スイスのチューリッヒとルツェルンの間に、ツークという州があります。

ツーク州はスイスで一番小さな州で、人口はわずか12万人しかいませんが、州都ツークの人口約29000人のうち、なんとおよそ3分の1にあたる9000人が外国籍という多国籍都市でもあります。

ツーク州が多国籍都市となったのは、他の国と比べて税制で優遇されているためです。

他のヨーロッパ諸国では4,50%にもおよぶ所得税がツーク州では23%、更に法人税も日本の23.9%、他のヨーロッパ諸国で30%、スイスの他の州での21%と比較してツーク州では15%、ツーク州で事業活動を行わない企業では8.8%と、税率が低く設定されています。

そのためシーメンスやジョンソン&ジョンソンと言った多国籍企業が本社を構えるほか、近年では仮想通貨やブロックチェーンに関連した企業も続々進出してきており、アメリカ・カリフォルニア州のシリコンバレーになぞらえ、ツーク州はしばしば「クリプトバレー」と呼ばれます。

クリプトバレーの実態


スイスのツーク州でブロックチェーンのスタートアップへ投資をするCrypto Valley Venture Capital(CVVC)の調査によると、2017年4月時点でツーク州に進出した仮想通貨関連企業が350社ほどだったのに対し、2018年9月には倍増して600社ほどになったと言われています。

ツーク州ではEthreum FoundationやTezos Foundationと言った有力企業や機関が本拠を置くほか、CVVCが有望なベンチャー企業に積極的に投資を行っており、成果を挙げています。

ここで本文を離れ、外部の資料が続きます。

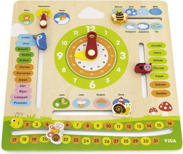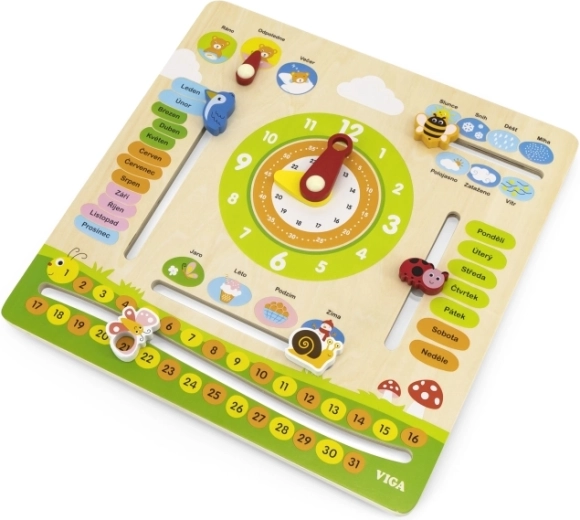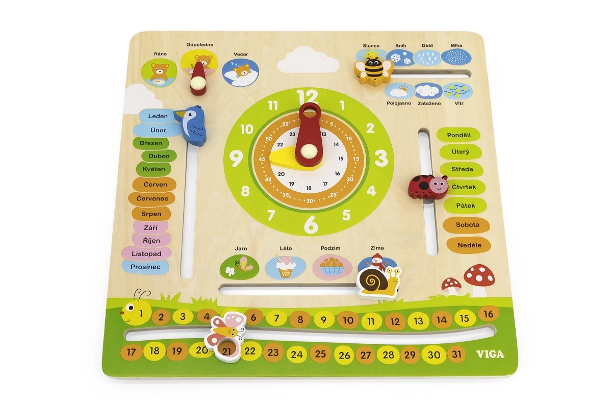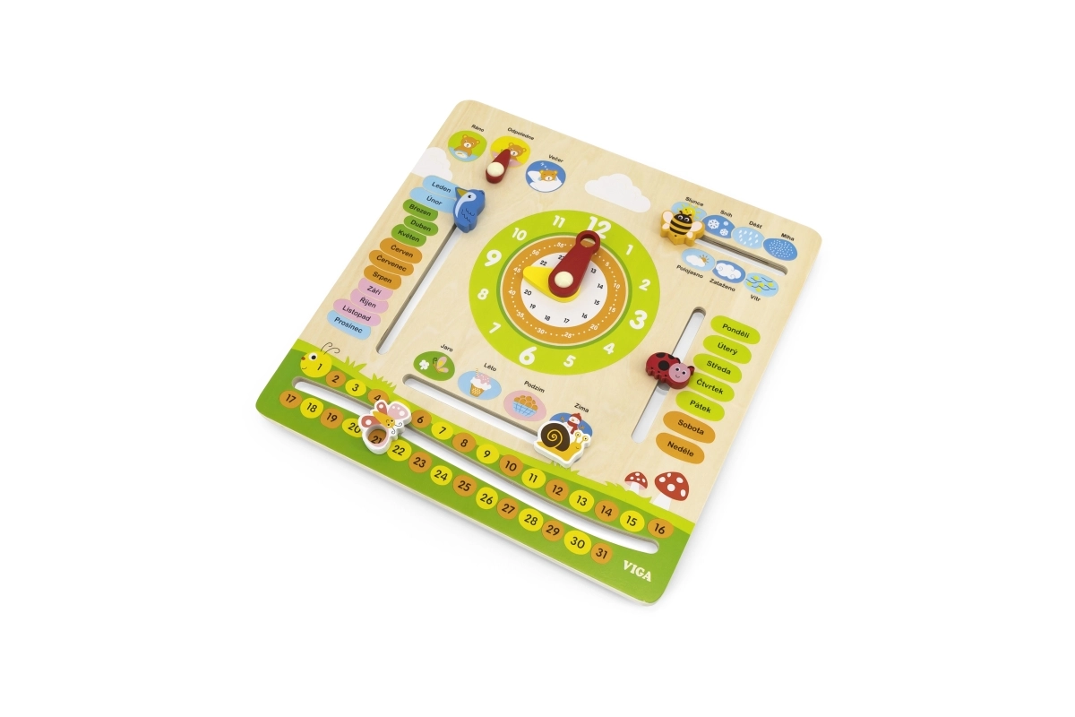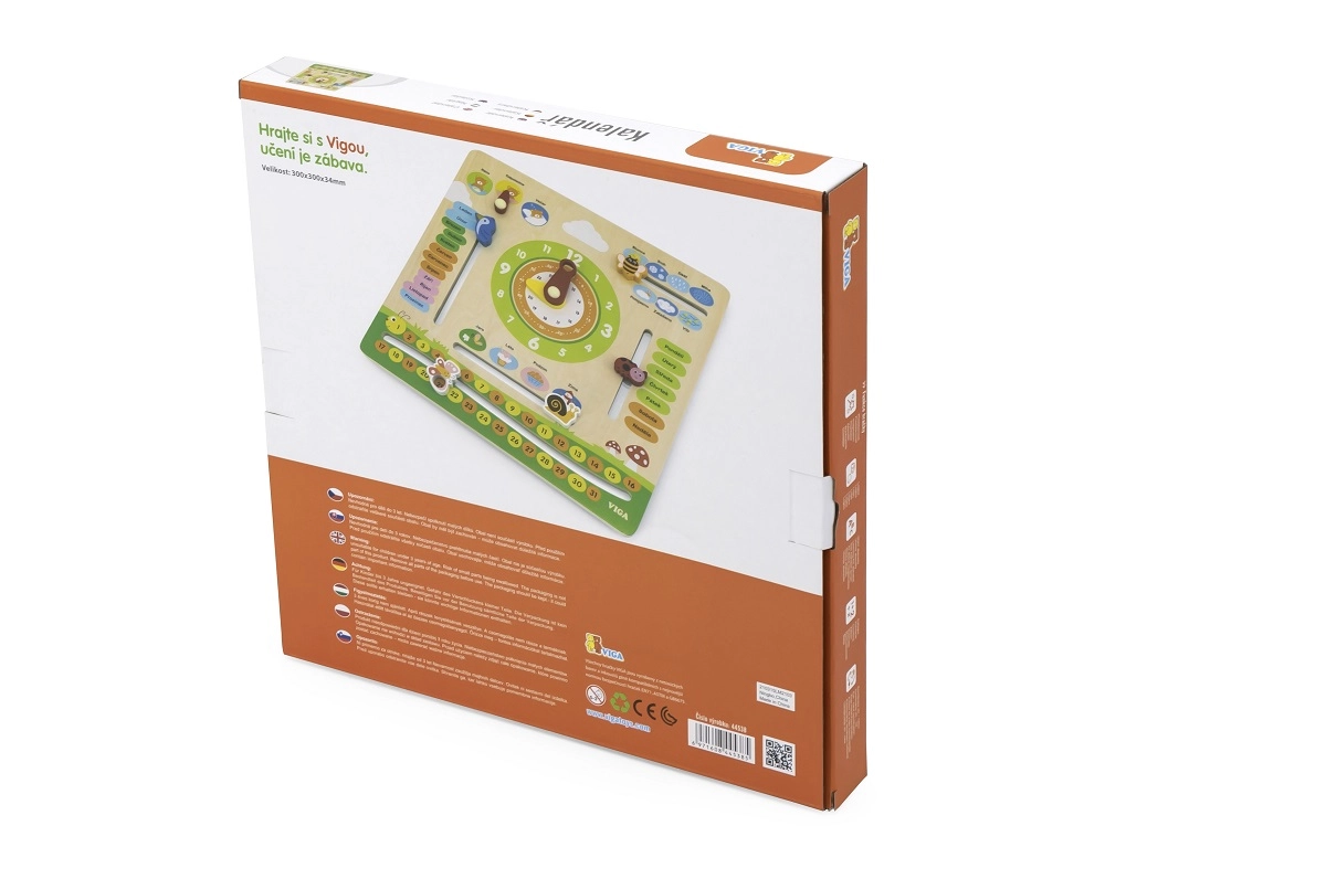 Išmanus ir smagus medinis VIGA kalendorius lietuvių kalba padeda vaikams žaismingai mokytis mėnesių, savaitės dienų, laikrodžio, metų laikų, oro, skaičių ir paros dalių. Judamos rodyklės ir žymekliai lavina smulkiąją motoriką ir skatina savarankišką atradimą.

更にCVVCが2018年1月に発表した、クリプトバレーのトップ50社を対象に行った調査の報告書では、クリプトバレーの上位5社は市場評価額が10億ドルを超えており、上位5社の中にあるBitmainというマイニング企業は2015年から2年で収益を17倍に増やし、2017年に25億ドルもの収益を記録しているとありました。

ほかにも地元自治体や地元企業のBitcoin Suisse AG、スイスの大学、有力企業が産官学を挙げて非営利組織のCrypto Valley Associationを立ち上げ、仮想通貨やブロックチェーンを使った市民サービスを提供するなど、ツーク州は仮想通貨を使った先進的な取り組みを進めています。

スイス政府のスタンス


ツーク州がクリプトバレーとなった背景には、スイス政府が仮想通貨へ進歩的なスタンスを取っていることが大きく関係しています。

スイス政府は仮想通貨による取引を合法化したり、ブロックチェーン企業を誘致して雇用を促進するなど仮想通貨に対して開放的な政策を取っています。

またチューリッヒを拠点とするスイスの老舗プライベートバンクMaerki Baumannが仮想通貨の交換を開始するなど、スイスでは金融機関も仮想通貨に対して門戸を開き始めています。

そのためスイスはヨーロッパで最も仮想通貨に対して友好な国、世界でICOに最も有利な国だとも言われています。

スイスが仮想通貨を活かしてどのような未来図を描いていくのかは、注目に値するでしょう。